___ Extracted data

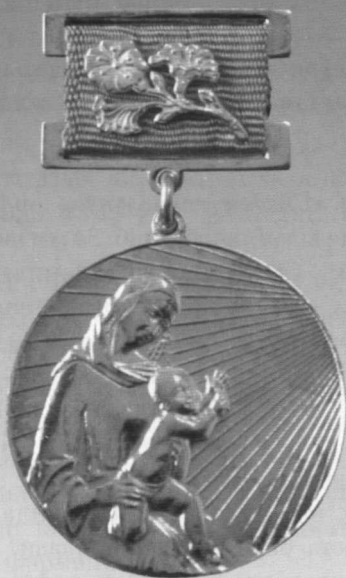
I даражали «Соғлом авлод учун» ордени
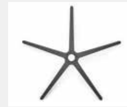
FHKGS Kunststoff schwarz (Standard) Black plastic (standard)
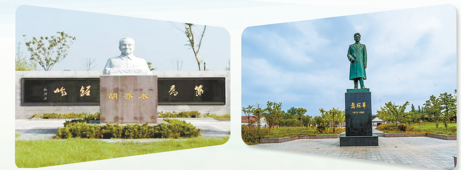
胡乔木生平陈列馆

在这片红色的沃土上,一个个响亮的名字被深情传颂,一段段光辉的事迹被深刻铭记,一份份为民的情怀被生动诠释。它们共同镌刻在城市记忆的精神浮雕之上,挺立起一座座引领风尚、烛照未来的廉洁文化新地标。目前,“清风盐城”廉洁文化教育专线体系日臻完善,已成功打造并推出覆盖东台、建湖、射阳、阜宁、滨海、响水、大丰、盐都、亭湖、盐城经开区、盐南高新区等地的特色线路,各具风采、内涵丰富。今天,“清风盐城”廉洁文化教育融媒地图正式上线,敬请关注!
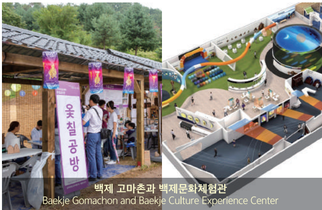
백제 고마촌과 백제문화체험관 Baekje Gomachon and Baekje Culture Experience Center
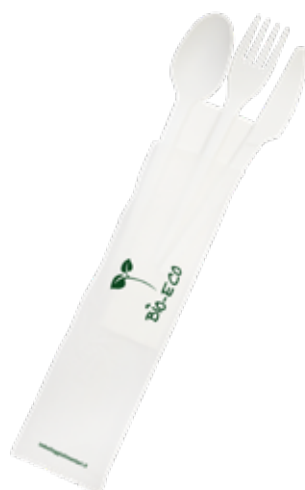
1VP379 TRIS + TOV. 2 VELI (forch/colt/cucch) 75-80° gr 3,5 TRIS+NAPKIN 2 LAYER (fork/knife/spoon) 75-80° gr 3,5 pz/cart pcs/box 500
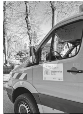
Die Stadtwerke Celle rüsten im Stadtgebiet die Straßenbeleuchtung um.

Mit der Nationalen Klimaschutzinitiative initiiert und fördert das Bundesumweltministerium seit 2008 zahlreiche
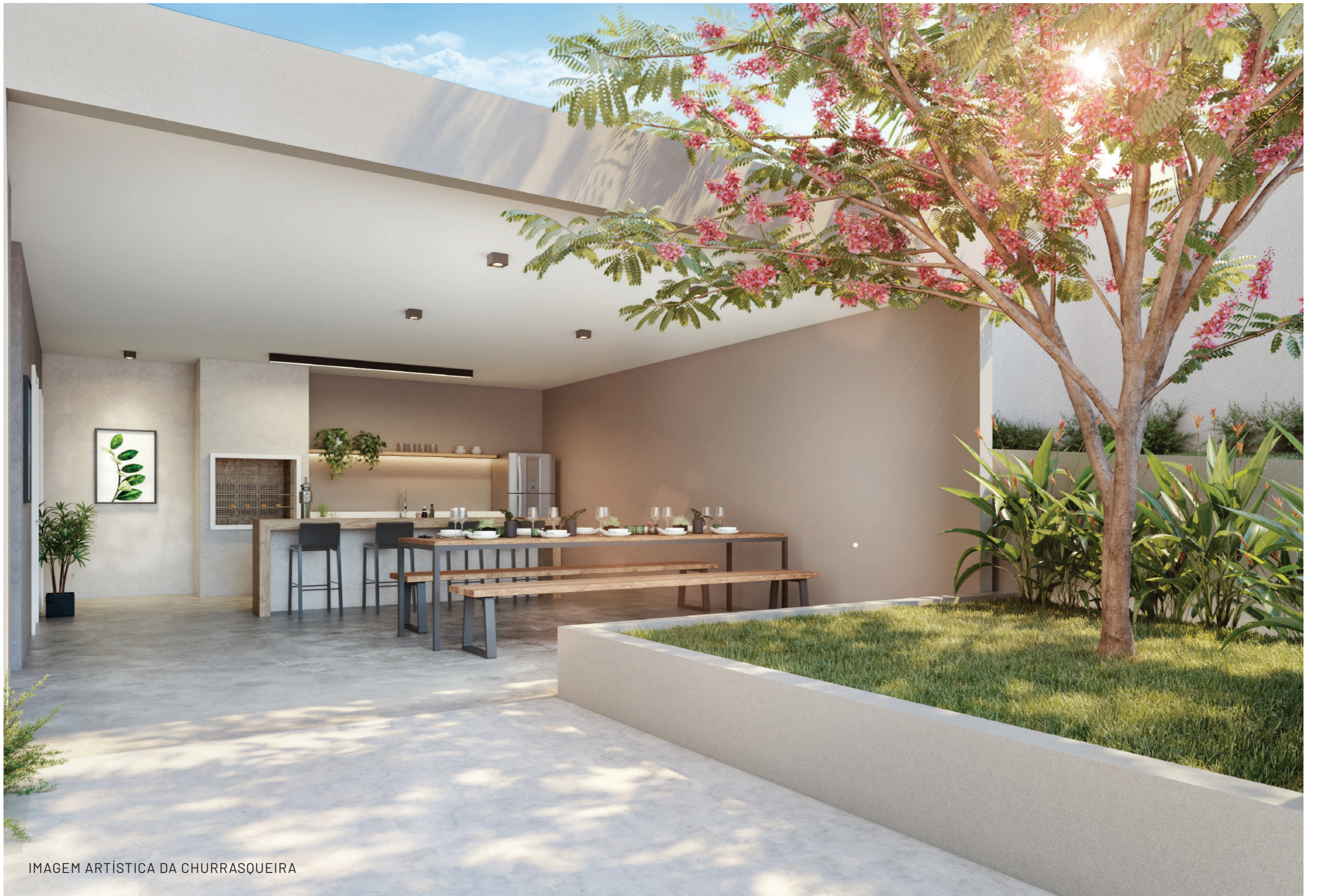
IMAGEM ARTÍSTICA DA CHURRASQUEIRA
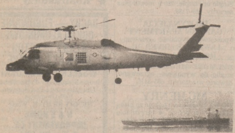
ZATOKA PERSKA — Należący do US Navy helikopter patroluje przestrzeń powietrzną nad pływającym w kierunku Cieśniny Ormuz kuwejckim tankowcem "Gas Prince".

Środa, 12 sierpnia, 87 07 08 10 13 29 36 37
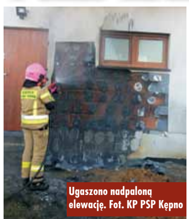
Ugaszono nadpaloną elewację.

7 marca br., około godz. 6.40, Stanowisko Kierowania Komendanta Powiatowej Państwowej Straży Pożarnej w Kępnie otrzymało zgłoszenie o pożarze przy ul. Bukowej w Łęce Opatowskiej.
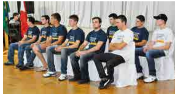
Formandos receberam certificado na noite da última terça-feira (20)
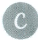
Canva - เครื่องมือ Canva
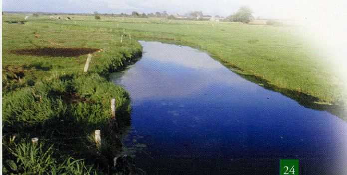
Gorges : La Sèves

Baigné par l'Holerotte descendue de Périers, le château de Basmarescq a conservé du XVI ème s. sa belle tour d'escalier tandis que ses façades, flanquées au nord d'une tourelle, furent remaniées au XVIII ème s.
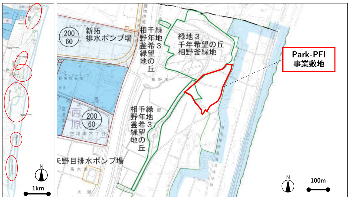
図 3 維持管理運営の敷地(左)、Park-PFI 事業敷地(右)
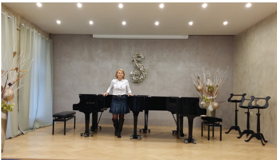
Koncertní sál ZUŠ Jaroslava Kvapila, Brno
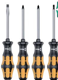
Wera Schraubmeißel Kraffform Plus 900
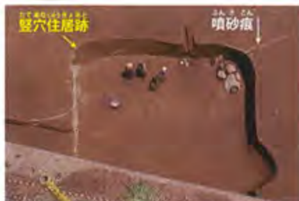
承和地震と思われる噴砂痕 (長野市篠ノ井遺跡群)
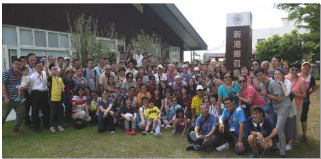
▲聖徒們出外相調訪問新港鄉召會

第一天我們訪問了嘉義新港鄉召會，路途中雖因連假大塞車，但在聖徒豐盛的愛筵中，眾人旅途的疲勞頓然獲釋，全人再被主的愛所充滿。愛筵後有交通，當地弟兄述說主如何在那裏興起召會並蓋造新會所，並見證藉著聖徒們的禱告，主調度萬有為愛祂的人效
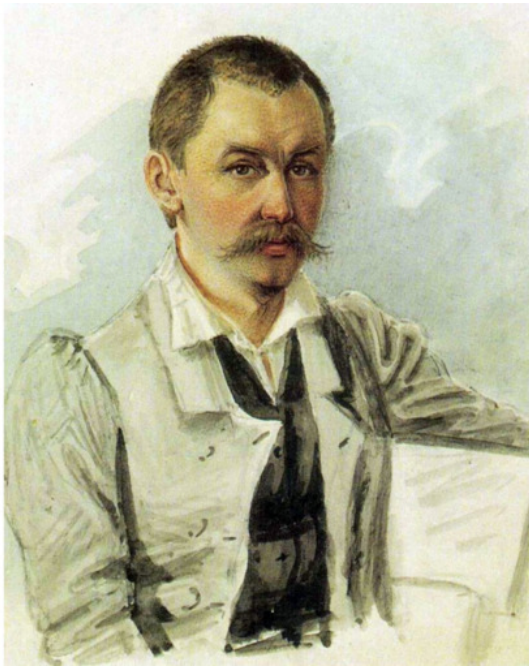
Михаил Сергеевич Лунин

На следствии у Лунина поинтересовались, откуда он взял вольный образ мыслей. Что отвечал декабрист?
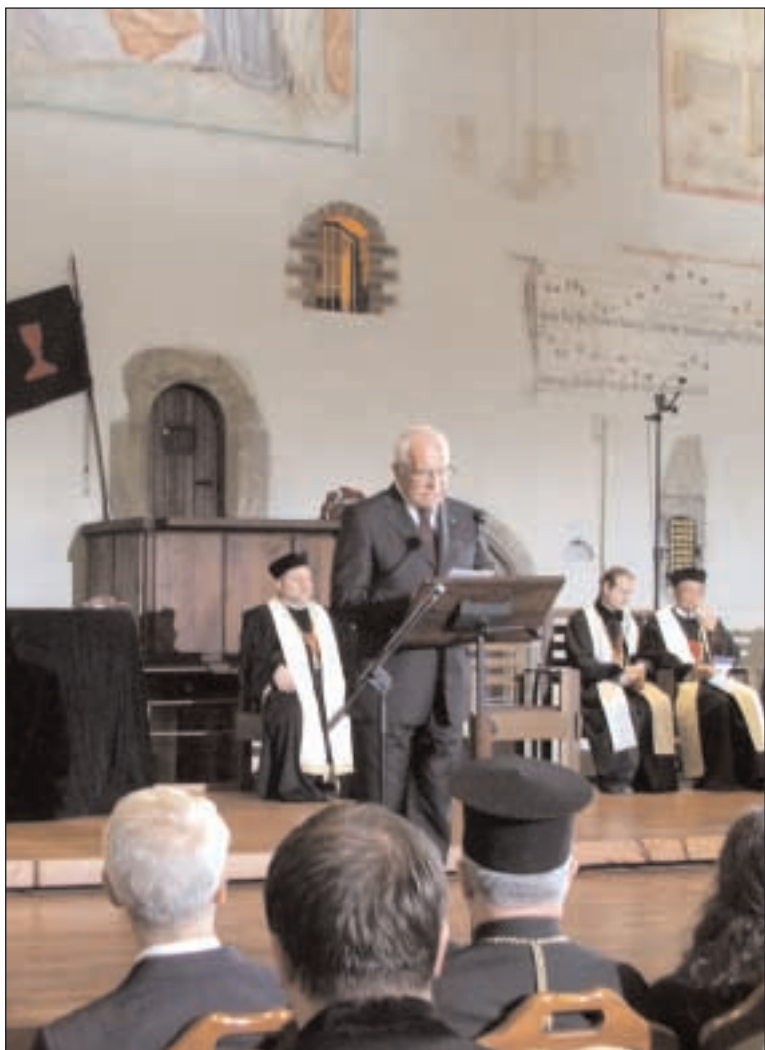
Pan prezident Václav Klaus při projevu v Betlémské kapli

______

Exercise details
Please reproduce, word for word, every line from the first line of the records above through the line containing "백제 고마촌과 백제문화체험관", and leave out the pictures.

Result
I даражали «Соғлом авлод учун» ордени
FHKGS Kunststoff schwarz (Standard) Black plastic (standard)
胡乔木生平陈列馆

在这片红色的沃土上,一个个响亮的名字被深情传颂,一段段光辉的事迹被深刻铭记,一份份为民的情怀被生动诠释。它们共同镌刻在城市记忆的精神浮雕之上,挺立起一座座引领风尚、烛照未来的廉洁文化新地标。目前,“清风盐城”廉洁文化教育专线体系日臻完善,已成功打造并推出覆盖东台、建湖、射阳、阜宁、滨海、响水、大丰、盐都、亭湖、盐城经开区、盐南高新区等地的特色线路,各具风采、内涵丰富。今天,“清风盐城”廉洁文化教育融媒地图正式上线,敬请关注!
백제 고마촌과 백제문화체험관 Baekje Gomachon and Baekje Culture Experience Center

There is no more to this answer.